How to complete this task | The material below is to be copied exactly from the line with "Verrine composée d'une" up to and including the line with "Hedwig Wagner, 'Eule", with nothing else kept and no pictures.

Records shown |
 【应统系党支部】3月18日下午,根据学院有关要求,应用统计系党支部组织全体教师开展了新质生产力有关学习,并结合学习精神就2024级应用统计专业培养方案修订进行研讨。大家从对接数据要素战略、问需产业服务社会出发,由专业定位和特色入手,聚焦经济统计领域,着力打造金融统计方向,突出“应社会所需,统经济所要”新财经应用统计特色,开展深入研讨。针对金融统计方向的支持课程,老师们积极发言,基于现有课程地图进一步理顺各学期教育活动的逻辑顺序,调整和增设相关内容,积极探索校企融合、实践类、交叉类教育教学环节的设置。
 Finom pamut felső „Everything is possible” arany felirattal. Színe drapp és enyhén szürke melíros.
...
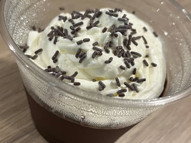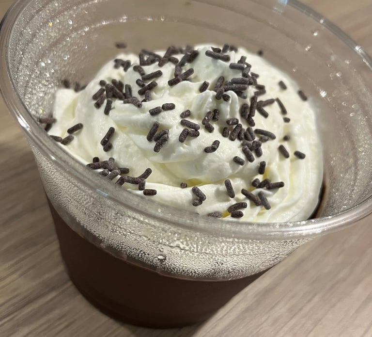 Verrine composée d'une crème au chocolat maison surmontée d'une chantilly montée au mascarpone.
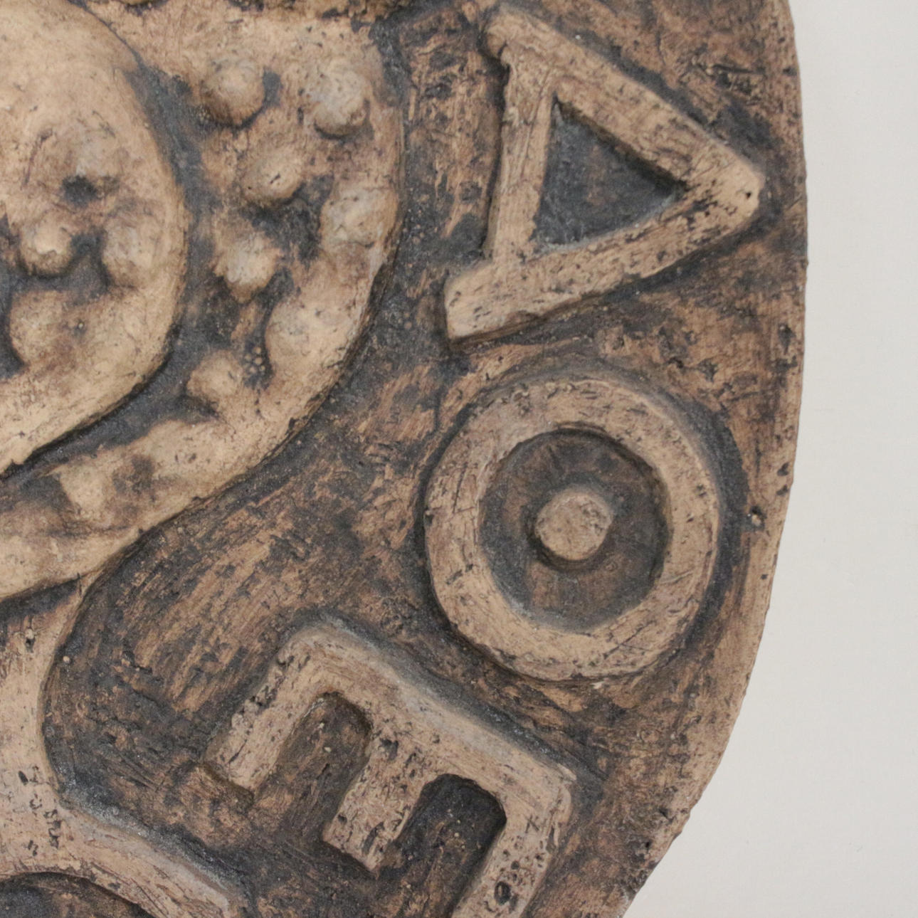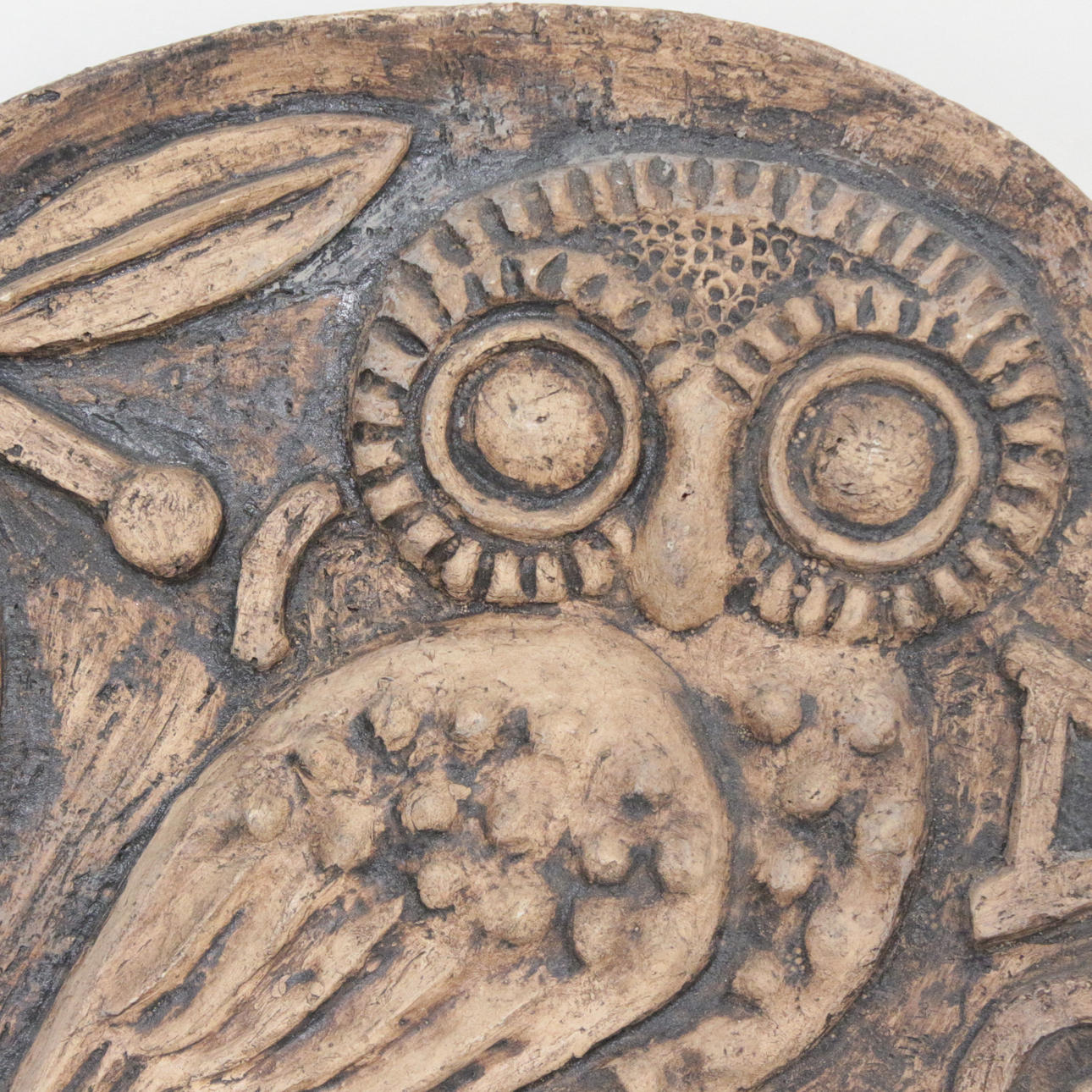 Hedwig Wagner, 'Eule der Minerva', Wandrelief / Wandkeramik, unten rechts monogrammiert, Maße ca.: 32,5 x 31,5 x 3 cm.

The completed task |
 Verrine composée d'une crème au chocolat maison surmontée d'une chantilly montée au mascarpone.
 Hedwig Wagner, 'Eule der Minerva', Wandrelief / Wandkeramik, unten rechts monogrammiert, Maße ca.: 32,5 x 31,5 x 3 cm.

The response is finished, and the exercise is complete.